• **Given information**
== Segment start ==
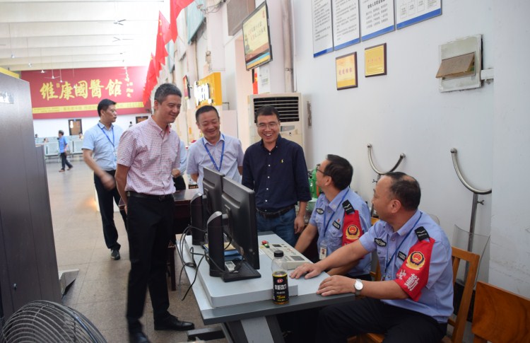 黃偉君先后檢查了東站GPS監(jiān)控中心、候車廳、售票廳等安全生產(chǎn)重要部位,認(rèn)真查看了GPS監(jiān)控中心、消防器材、安檢機(jī)等設(shè)施設(shè)備運(yùn)行情況。在安檢儀前,細(xì)致地查看了旅客行包安檢整個(gè)流程和三品檢查流程;在消防器材旁,認(rèn)真詢問消防器材的站內(nèi)配備情況。黃偉君對(duì)東站所做的安保工作和“營(yíng)造國(guó)慶70周年氛圍”工作表示肯定,并要求東站繼續(xù)把好安保維穩(wěn)和安全生產(chǎn)關(guān),保證“新中國(guó)建國(guó)70周年大慶”安保維穩(wěn)工作和節(jié)日安全生產(chǎn)工作的圓滿完成。
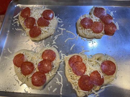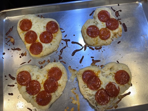 Poke the pizza with a fork to help prevent huge air bubbles and place in the oven for about 5 minutes to pre-bake. Notice that some of my hearts looked better than others!
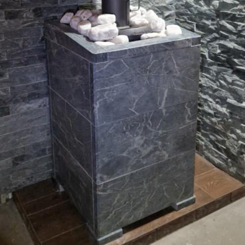 Печь банная Прометалл Атмосфера L в облицовке Талькохлорит под ключ (монтаж 10.2025)
== Segment end ==
• **Exercise aim**
Lines before the one containing "Poke the pizza" are not wanted; write out that line and every later line through the end of the data above, exactly, without pictures.

• **Result for this task**
 Poke the pizza with a fork to help prevent huge air bubbles and place in the oven for about 5 minutes to pre-bake. Notice that some of my hearts looked better than others!
 Печь банная Прометалл Атмосфера L в облицовке Талькохлорит под ключ (монтаж 10.2025)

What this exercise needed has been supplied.